Herthnek D, Englund S, Willemsen P T J, Bölske G
National Veterinary Institute (SVA), Uppsala, Sweden.
J Appl Microbiol. 2006 May;100(5):1095-102. doi: 10.1111/j.1365-2672.2006.02924.x.
To develop a fast and sensitive protocol for detection of Mycobacterium avium subsp. paratuberculosis (MAP) in bovine semen and to make a critical evaluation of the analytical sensitivity.
Processed semen was spiked with known amounts of MAP. Semen from different bulls as well as semen of different dilutions was tested. The samples were treated with lysing agents and beadbeating and the DNA was extracted with phenol and chloroform. Real-time PCR with a fluorescent probe targeting the insertion element IS900 detected as few as 10 organisms per sample of 100 mul semen. PCR-inhibition was monitored by inclusion of an internal control. Pre-treatment with immunomagnetic separation was also evaluated, but was not shown to improve the overall sensitivity.
Real-time PCR is a sensitive method for detection of MAP in bovine semen. Lysis by mechanical disruption followed by phenol and chloroform extraction efficiently isolated DNA and removed PCR-inhibitors.
The high sensitivity of the applied method allows reliable testing of bovine semen used for artificial insemination to prevent the spread of Johne's disease, caused by MAP.

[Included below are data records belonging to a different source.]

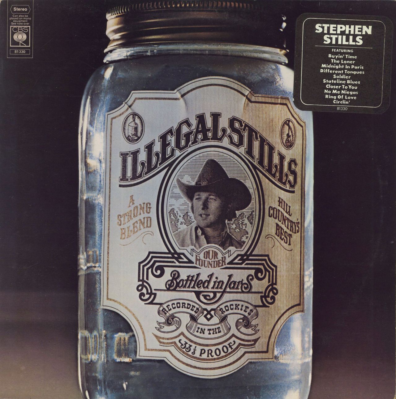 STEPHEN STILLS Illegal Stills (1976 UK 10-track vinyl LP, including the singles Buyin' Time and The Loner. The picture sleeve retains its original song hype sticker to the front and comes complete with its lyric insert while the vinyl looks barely played CBS81330)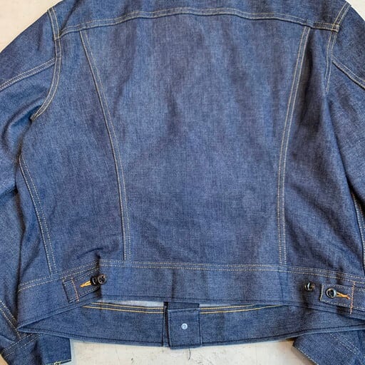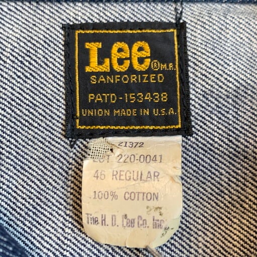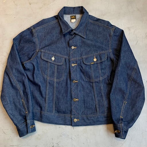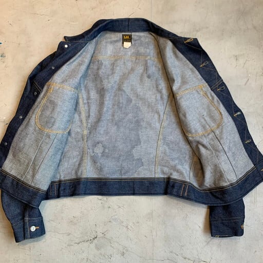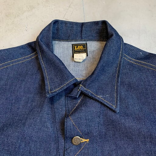 70年代頃のLee220-0041デニムジャケットです。101-Jの後継として作られたモデルで、黒タグが付き、® MRがタグとピスネームに入ります。恐らく水の通っていないノンウォッシュで、色落ちやアタリなどございません。背面に大きなシミがありますが、表からはほとんどわかりません。サイズは46REGULARと大きめですので、洗濯後1サイズほど縮みが入りよいサイズ感になります。年代こそ古くはありませんがそれでも40年以上前のアイテムで、ノンウォッシュのミントコンディション物となるとなかなか出ないので、この機会に是非手に入れてはいかがでしょうか。コレクションピースとしても今後価値が上がるグッドヴィンテージです。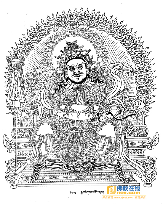 北方多聞天王毗沙門(mén),持寶傘,住北俱盧洲,中國(guó)神話中托塔李天王李靖就是從多聞天王演化而來(lái)。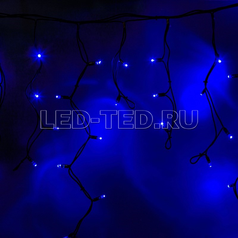Данная гирлянда имеет Синий цвет свечения. Ее особенностью является наличие мерцающих светодиодов Белого цвета, которые привлекают внимание и значительно преображают украшенную поверхность (мерцает каждый пятый светодиод).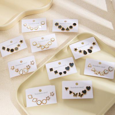 Stainless Steel Heart, Star, Moon, and Flower Design Titanium Earrings for Women – Trendy, Non-Fading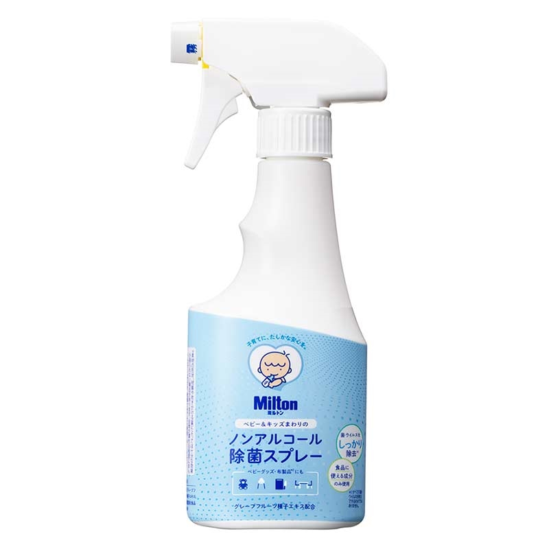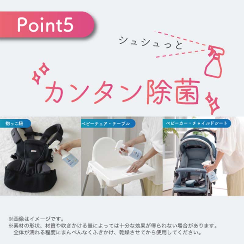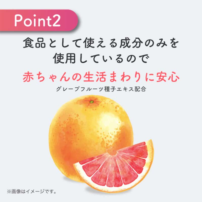 ●ノンアルコールなので赤ちゃんやお子様まわり、アルコールが苦手な方でもお使いいただけます。 ※100%食品成分 ●ベビーカー、ベビーチェア、ぬいぐるみ、おもちゃ、キッチンまわりなどをかんたんに除菌できます。 ※使用できない素材もあります。使用上の注意をよく読んでお使いください。 ●グレープフルーツ種子エキスの力で菌・ウイルスをしっかり除去。 ●乾いたあともグレープフルーツ種子エキスがその場に留まり、あとから付着した菌も抑制します。 ※すべての菌・ウイルスを除去できるわけではありません。

开发一种快速且灵敏的检测牛精液中副结核分枝杆菌(MAP)的方法,并对其分析灵敏度进行严格评估。
向处理后的精液中添加已知量的MAP。对来自不同公牛的精液以及不同稀释度的精液进行检测。样品用裂解剂处理并进行珠磨,然后用苯酚和氯仿提取DNA。使用靶向插入元件IS900的荧光探针进行实时PCR检测,每100微升精液样品中低至10个菌体即可被检测到。通过加入内对照监测PCR抑制情况。还评估了免疫磁珠分离预处理,但未显示其能提高总体灵敏度。
实时PCR是检测牛精液中MAP的灵敏方法。通过机械破碎进行裂解,随后用苯酚和氯仿提取,可有效分离DNA并去除PCR抑制剂。
所应用方法的高灵敏度使得对用于人工授精的牛精液进行可靠检测成为可能,以防止由MAP引起的副结核病传播。